§ Records provided:
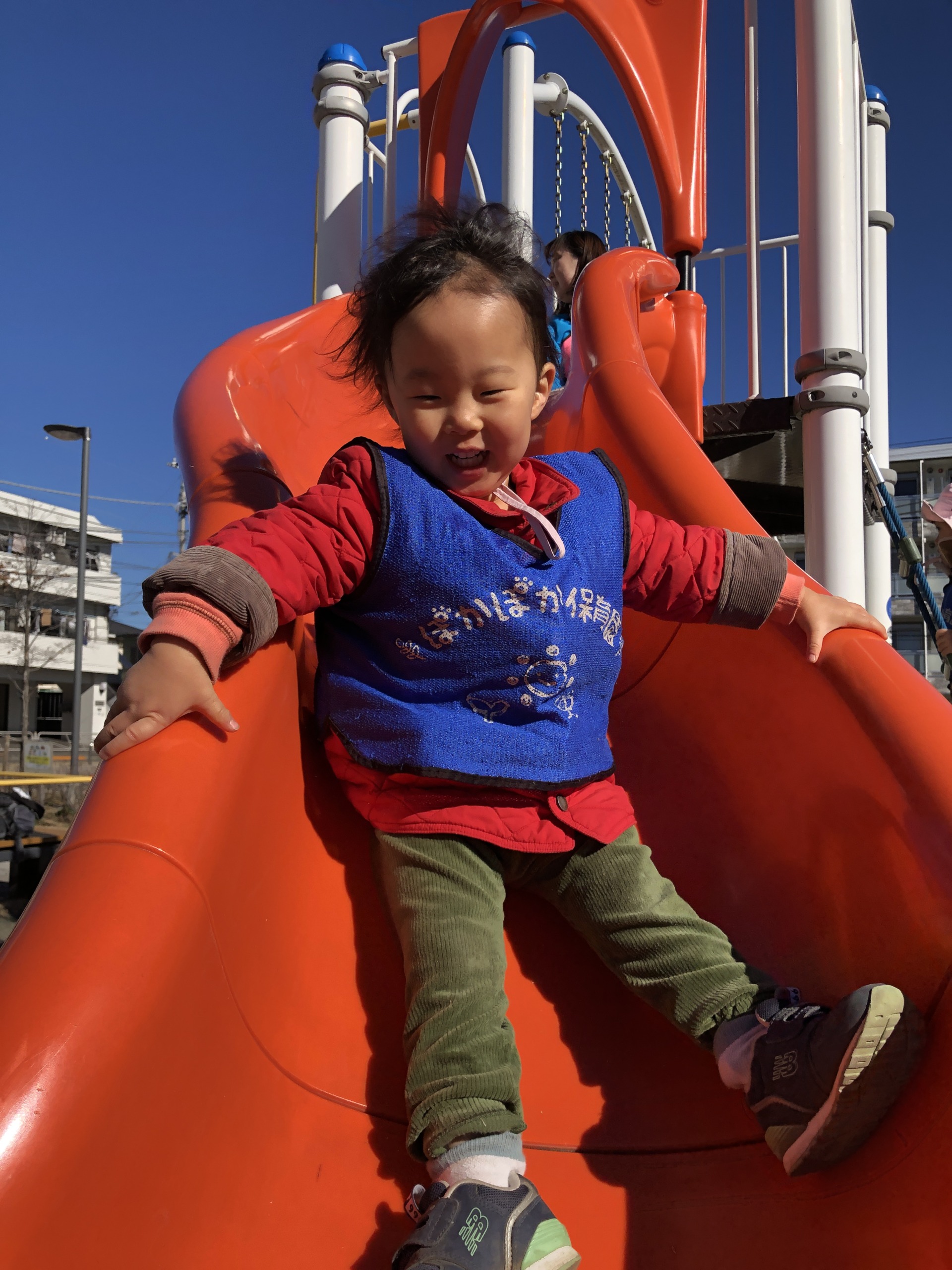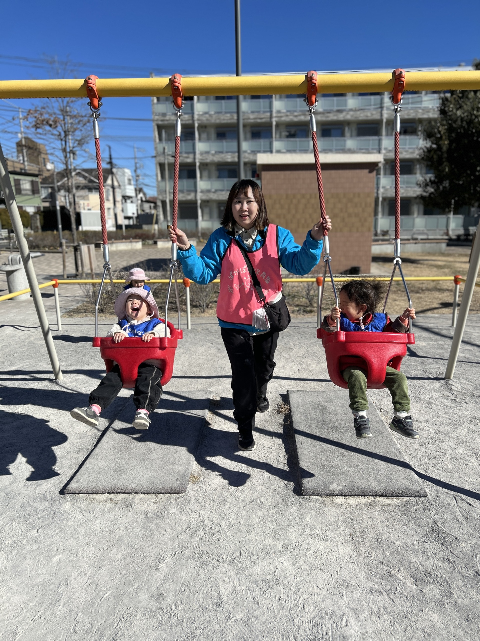 ブランコが揺れると、まるでジェットコースターのようで、「きゃー!」と声をあげて大笑いする姿も。
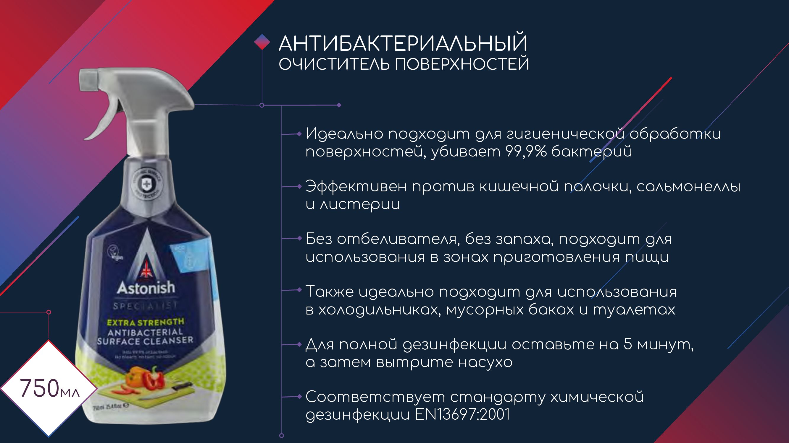 Описание: Универсальное чистящее средство для различных поверхностей с антибактериальным эффектом Astonish убивает 99,9% распространенных микробов, оставляя поверхности гигиенически чистыми. Не содержит отбеливателя. Этот продукт способен не только содержать ваши поверхности в чистоте, но и делать их гигиенически чистыми. Без отбеливателя, без красителей и с нейтральным pH. Применение: Удаление видимых загрязнений. Распылите на поверхность и оставьте. Протрите влажной чистой тканью. Используйте по всему дому и оставьте на 5 минут для антибактериальных свойств. Внимание: Для твердых непористых поверхностей. Дайте высохнуть, прежде чем класть продукты на поверхность. Универсальное чистящее средство для различных поверхностей с антибактериальным эффектом не используйте на пищевых продуктах в качестве дезинфицирующего средства или для стерилизации детской посуды.
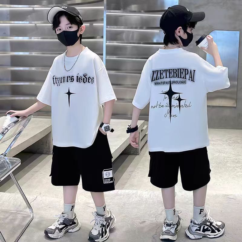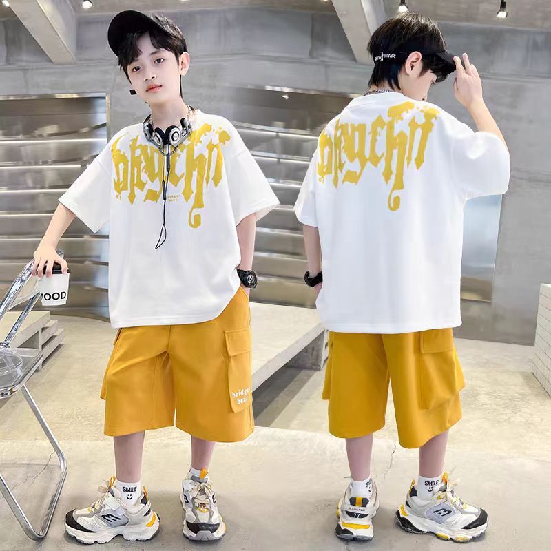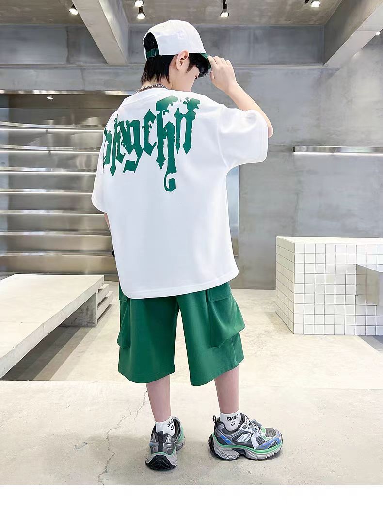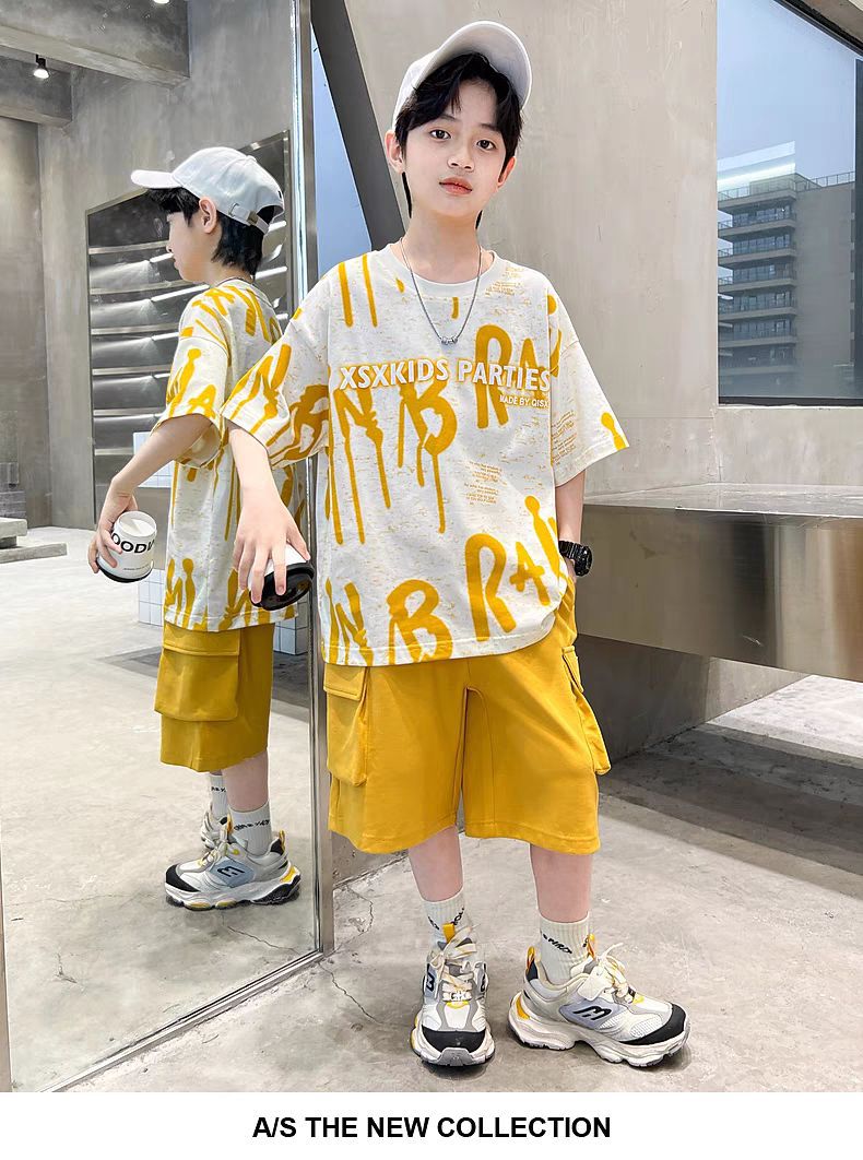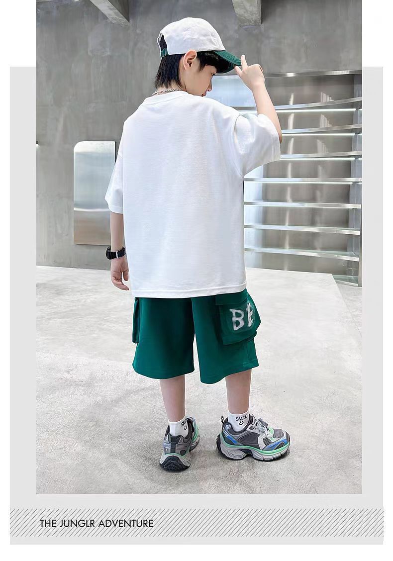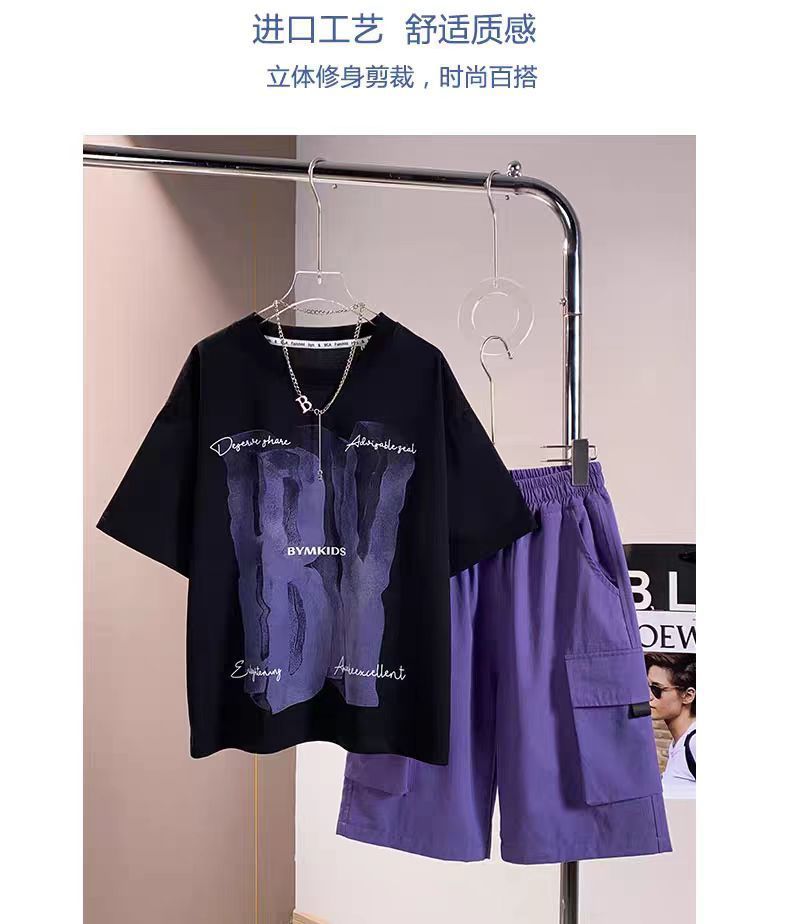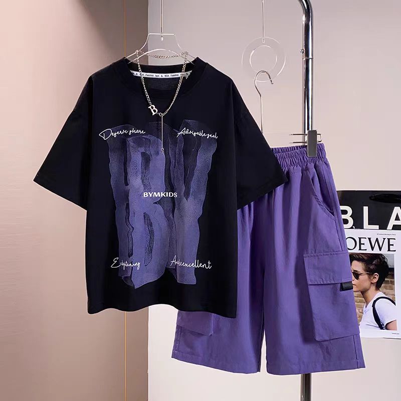 남아 정장, 여름 정장, 큰 남아용 멋진 스트리트 반팔 바지 정장, 운동복 투피스 세트, 트렌디스토어 가기
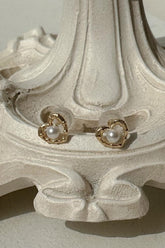 白い光感の真珠が優雅なムードを与えるワンタッチピアスです。リングの下にほのかに揺れるシルエットが上品な雰囲気を演出してくれます。ゲストルック、オフィスルックなどにポイントアイテムとしておすすめです。 ペア(2個)で販売されている商品です。 Color : Yellow gold、Rose Gold Metarial : 14k Gold (58.5%)、核真珠 Weight : 金-約0.93g / 真珠-約0.6g 外径 : 9mm内径 : 8mm真珠 : 5.5mm- Rp 3.902.000,00
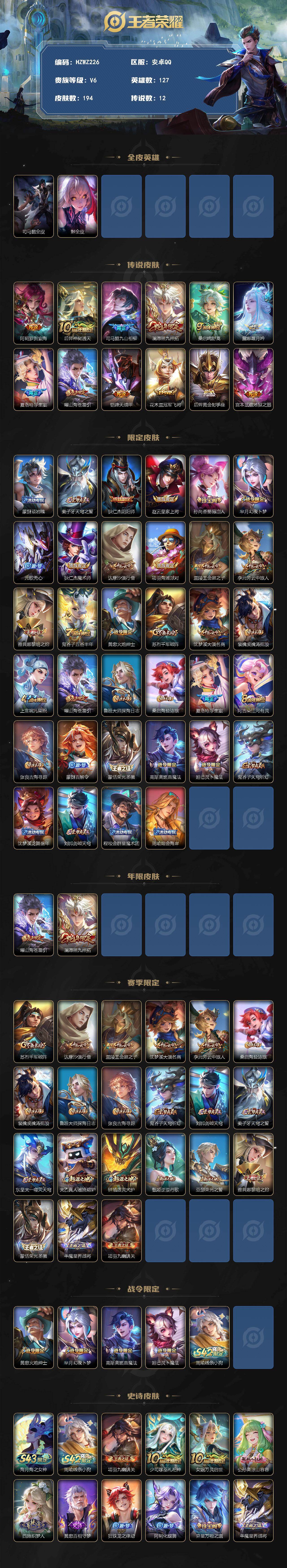 安卓Q-V6-永恒钻石I段位-127英雄-194皮肤-12传说-55史诗
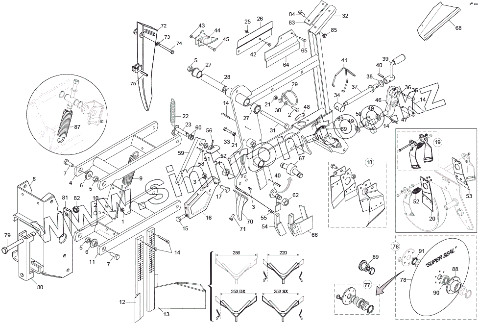 Каталог запасных частей к технике: Gaspardo METRO MT-SP. "MT" ELEMENT FRAME
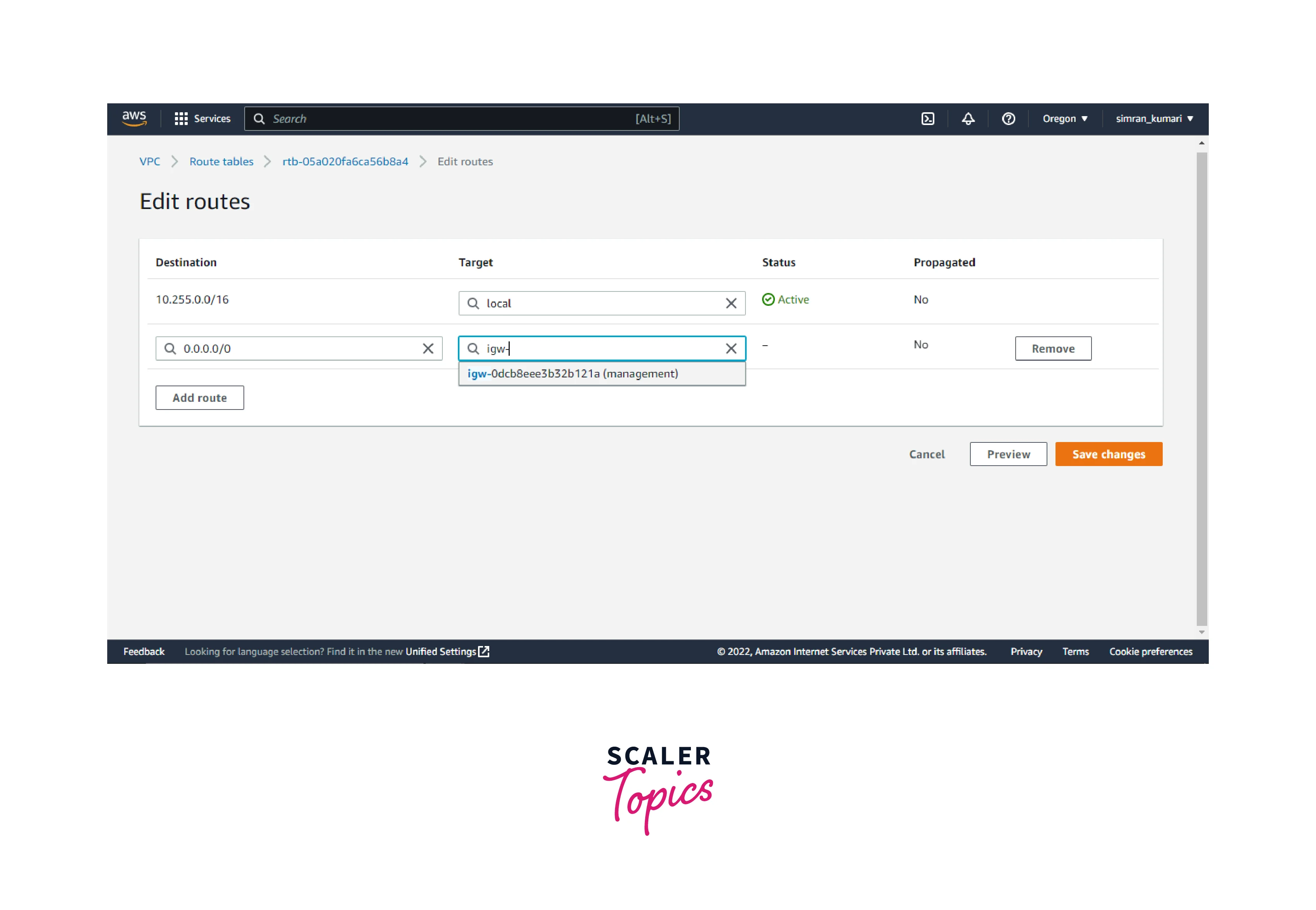 - Click on Add route. Enter 0.0.0.0/0 in the destination box and choose the created internet gateway in the target box. Click on Save changes.
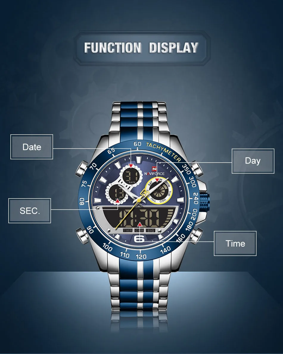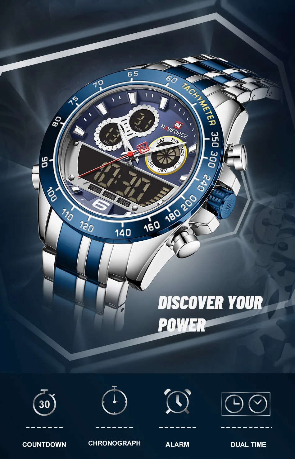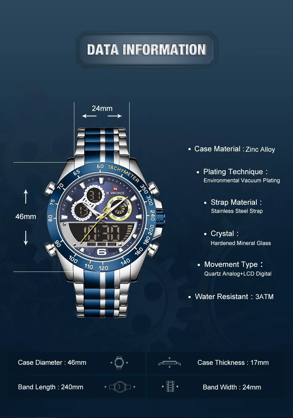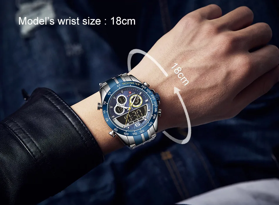 Описание продукта: 100% оригинал новый и высокое качество Будильник с 4 мин, Повтор Отображение дня, даты и времени Chrime на каждый час Хронограф с круговым механизмом и 1/100 Двойное Ядро движения Аналоговый и цифровой светодиодный дисплей Функция EL (синий) Ежечасная Мелодия курантов, Функция Нержавеющая сталь ремень Защита от воды на глубине до 30 м Reistant Технические характеристики Материал корпуса: сплав Чехол Диаметр: 46 мм Чехол Толщина: 17 мм Материал ремешка: ремешок из нержавеющей стали Длина ремешка (включая чехол): 240 мм Ширина ремешка: 24 мм Вес изделия: 190 г Что входит в комплект 100% новый бренд NAVIFORCE 1 x аналоговый и цифровой дисплей с будильником и EL Blue Function Watch
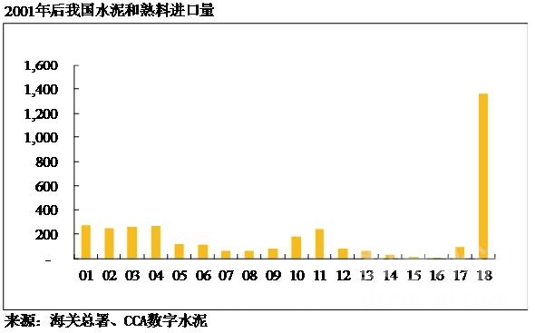 2017年以前,中國水泥年進口量最多不到300萬噸,2016年更是達到了歷史低谷的6.5萬噸。但隨著我國沿海地區(qū)熟料價格高企,2018年以水泥熟料為主要產(chǎn)品的進口量爆發(fā)性增長,僅當(dāng)年的進口量就達到1363萬噸,比2005-2017年13年進口量的總和還多。
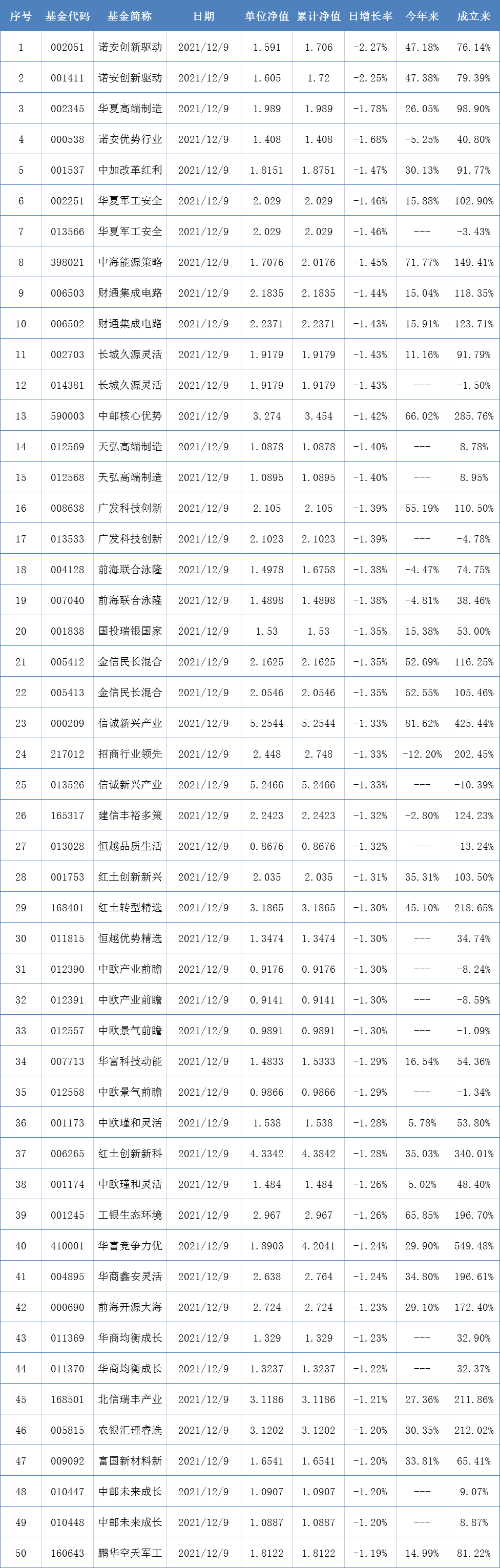 以下为12月9日两市表现最差的50只基金:

§ About this exercise: Write the material out again exactly as it appears, dropping the pictures.

§ Response to this task:
 ブランコが揺れると、まるでジェットコースターのようで、「きゃー!」と声をあげて大笑いする姿も。
 Описание: Универсальное чистящее средство для различных поверхностей с антибактериальным эффектом Astonish убивает 99,9% распространенных микробов, оставляя поверхности гигиенически чистыми. Не содержит отбеливателя. Этот продукт способен не только содержать ваши поверхности в чистоте, но и делать их гигиенически чистыми. Без отбеливателя, без красителей и с нейтральным pH. Применение: Удаление видимых загрязнений. Распылите на поверхность и оставьте. Протрите влажной чистой тканью. Используйте по всему дому и оставьте на 5 минут для антибактериальных свойств. Внимание: Для твердых непористых поверхностей. Дайте высохнуть, прежде чем класть продукты на поверхность. Универсальное чистящее средство для различных поверхностей с антибактериальным эффектом не используйте на пищевых продуктах в качестве дезинфицирующего средства или для стерилизации детской посуды.
 남아 정장, 여름 정장, 큰 남아용 멋진 스트리트 반팔 바지 정장, 운동복 투피스 세트, 트렌디스토어 가기
 白い光感の真珠が優雅なムードを与えるワンタッチピアスです。リングの下にほのかに揺れるシルエットが上品な雰囲気を演出してくれます。ゲストルック、オフィスルックなどにポイントアイテムとしておすすめです。 ペア(2個)で販売されている商品です。 Color : Yellow gold、Rose Gold Metarial : 14k Gold (58.5%)、核真珠 Weight : 金-約0.93g / 真珠-約0.6g 外径 : 9mm内径 : 8mm真珠 : 5.5mm- Rp 3.902.000,00
 安卓Q-V6-永恒钻石I段位-127英雄-194皮肤-12传说-55史诗
 Каталог запасных частей к технике: Gaspardo METRO MT-SP. "MT" ELEMENT FRAME
 - Click on Add route. Enter 0.0.0.0/0 in the destination box and choose the created internet gateway in the target box. Click on Save changes.
 Описание продукта: 100% оригинал новый и высокое качество Будильник с 4 мин, Повтор Отображение дня, даты и времени Chrime на каждый час Хронограф с круговым механизмом и 1/100 Двойное Ядро движения Аналоговый и цифровой светодиодный дисплей Функция EL (синий) Ежечасная Мелодия курантов, Функция Нержавеющая сталь ремень Защита от воды на глубине до 30 м Reistant Технические характеристики Материал корпуса: сплав Чехол Диаметр: 46 мм Чехол Толщина: 17 мм Материал ремешка: ремешок из нержавеющей стали Длина ремешка (включая чехол): 240 мм Ширина ремешка: 24 мм Вес изделия: 190 г Что входит в комплект 100% новый бренд NAVIFORCE 1 x аналоговый и цифровой дисплей с будильником и EL Blue Function Watch
 2017年以前,中國水泥年進口量最多不到300萬噸,2016年更是達到了歷史低谷的6.5萬噸。但隨著我國沿海地區(qū)熟料價格高企,2018年以水泥熟料為主要產(chǎn)品的進口量爆發(fā)性增長,僅當(dāng)年的進口量就達到1363萬噸,比2005-2017年13年進口量的總和還多。
 以下为12月9日两市表现最差的50只基金:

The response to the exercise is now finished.